OpenPBTA-analysis

General scripts

Table of Contents generated with DocToc

Scripts required to prepare for a data release

The overall steps for preparing a data release are as follows:

  1. Start a release (termed release-vX-YYYYMMDD below) that contains all of the PBTA data files (i.e., upstream files) included.
  2. Run scripts/generate-analysis-files-for-release.sh using the PBTA data files in release-vX-YYYYMMDD and commit any changes to files tracked in the repository.
  3. Add the analysis files in scratch/analysis_files_for_release to release-vX-YYYYMMDD.
  4. Run scripts/run-for-subtyping.sh using the PBTA data files and analysis files in release-vX-YYYYMMDD and commit any changes to files tracked in the repository.
  5. Add pbta-histologies.tsv to release-vX-YYYYMMDD.
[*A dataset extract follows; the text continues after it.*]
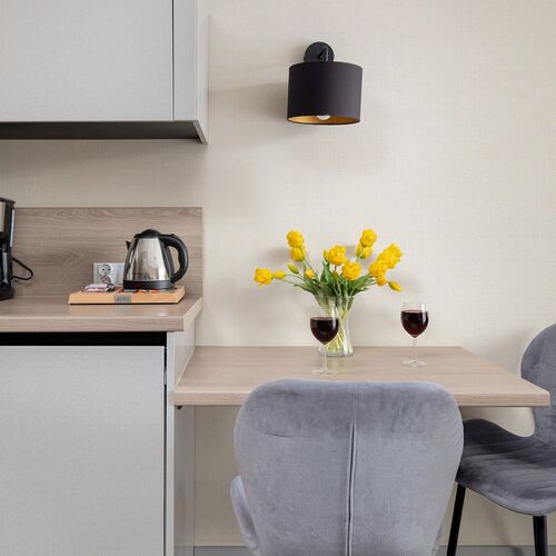 Nowoczesne i świetnie wyposażone studio oferuje komfortowe miejsce noclegowe dla trzech osób, dzięki czemu jest ono idealnym wyborem dla pary, lub rodziców z dzieckiem. Stylowo urządzony apartament o powierzchni 28 m², składa się z niezwykle funkcjonalnej części mieszkalnej z wygodnym łóżkiem małżeńskim, aneksu kuchennego z niezbędnymi sprzętami oraz łazienki. Do studia przynależy również balkon z meblami ogrodowymi, który jest świetnym miejscem na relaks wraz z rodziną i miłe spędzenie czasu na świeżym powietrzu. Wyjątkowe wykończenie wnętrza w kolorystyce bieli i beżu sprawia, że miejsce to ma spokojny i niezwykle przyjemny klimat. Szeroki wachlarz udogodnień gwarantuje wysoki komfort pobytu. Kompleksowe wyposażenie kuchenne w postaci kuchenki mikrofalowej, ekspresu do kawy, zmywarki, czy płyty indukcyjnej, umożliwi gościom swobodne przygotowanie świeżych posiłków. Znajdujący się w studio telewizor z funkcją SmartTV oraz bezpłatny dostęp do sieci Wi-Fi, dodatkowo umilą długie wieczory. Dzięki wygodnemu biurku Goście będą mogli zadbać również o obowiązki służbowe i pracować zdalnie. Osoby podróżująca ze zwierzętami są tu mile widziane, ponieważ jest to apartament przyjazny pupilom (obowiązuje dodatkowa dopłata).

For definitions of the kinds of files in data releases, please see this documentation.

Analysis file generation

Running the following from this directory will generate all analysis files that are included in data releases and compile them in scratch/analysis_files_for_release for convenience:

bash generate-analysis-files-for-release.sh

This script also generates a file that contains the MD5 checksums for the analysis files (scratch/analysis_files_for_release/analysis_files_md5sum.txt).

Notes

RUN_LOCAL=1 bash generate-analysis-files-for-release.sh

Molecular subtyping

Molecular subtyping as part of data release can be run with the following from this directory:

bash run-for-subtyping.sh

This will re-run subtyping for the following broad histologies:

It will also run any analysis steps used for subtyping that do not generate files included in a release and molecular-subtyping-pathology & molecular-subtyping-integrate modules to generate the compiled_molecular_subtypes_with_clinical_pathology_feedback.tsv file containing the molecular_subtype column.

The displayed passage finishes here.